August 2, 2011 (PLANSPONSOR.com) - The U.S. Court of Appeals for the District of Columbia Circuit held that a 45-day delay between participants’ stated “annuity starting date” in the plan document and when the lump sum distributions were actually made, was not reasonable.

Law firm Seyfarth Shaw LLP reports that two retired U.S. Airways pilots sued the airline arguing that the 45-day delay rendered their lump sum benefits worth less than the annuities they could have received, and therefore, the plan violated the requirement set forth in Section 204(c)(3) of the Employee Retirement Income Security Act (ERISA) that lump sums paid in lieu of an annuity “shall be the actuarial equivalent” of the annuity payment.  The court rejected arguments by the Pension Benefit Guaranty Corporation (PBGC), now the trustee of the plan due to U.S. Airways bankruptcy, that the delay was reasonable because (i) historically, U.S. Airways took a period of 21 business days to calculate the lump sum, and (ii) in practice, most pension plans deemed a delay of 30 days, not 45, to be reasonable.    

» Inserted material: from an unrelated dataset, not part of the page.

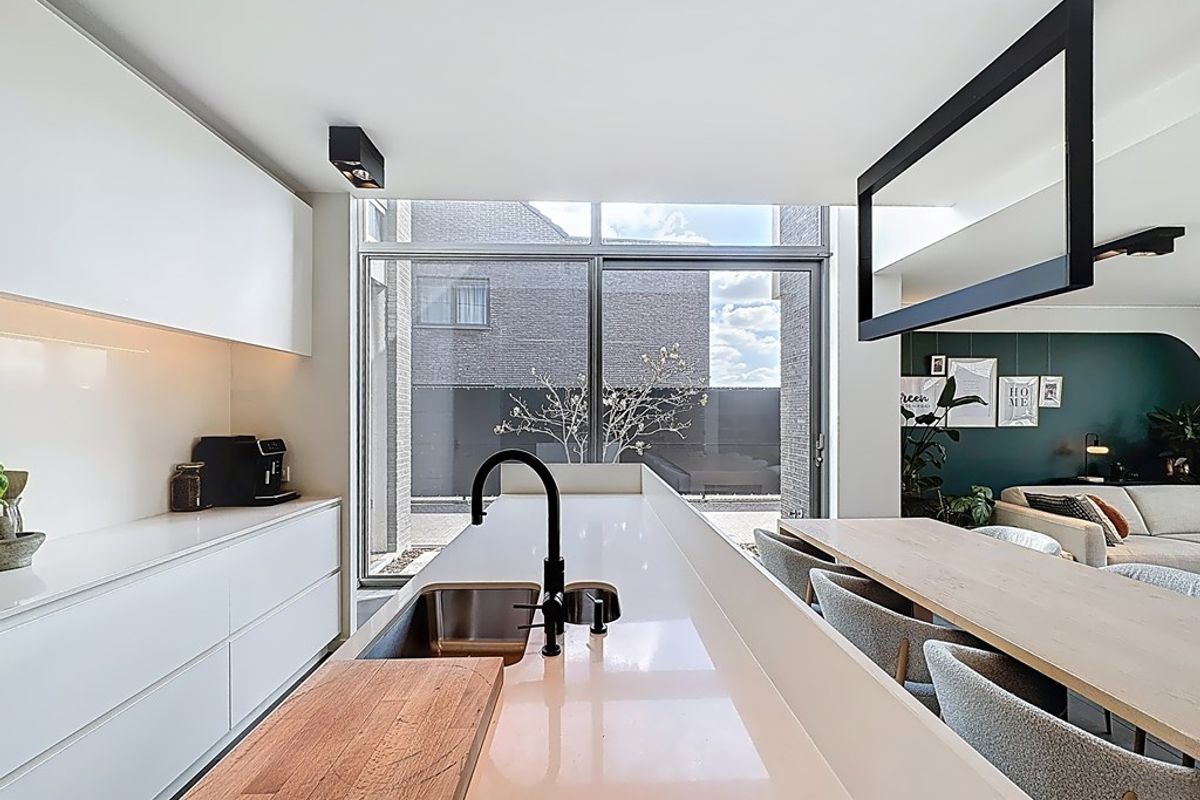 Doorheen de woning zorgen hoogwaardige materialen, massieve eiken vloeren en een keramische tegelvloer die doorloopt naar het terras voor een tijdloze en duurzame uitstraling. De open keuken is volledig uitgerust met een composiet werkblad, kookeiland, Miele toestellen en een Quooker.

According to the law firm’s client memo, although one judge dissented from the opinion because he believed that the 45 day delay was not unreasonable (particularly because the administrator needed final average pay to perform the benefit calculation), the concurring judge argued that the retired pilots should receive interest from day one for the full 45-day delay.   

The case is Stephens v. U.S. Airways Group, Inc., D.C. Cir., No. 10-7100.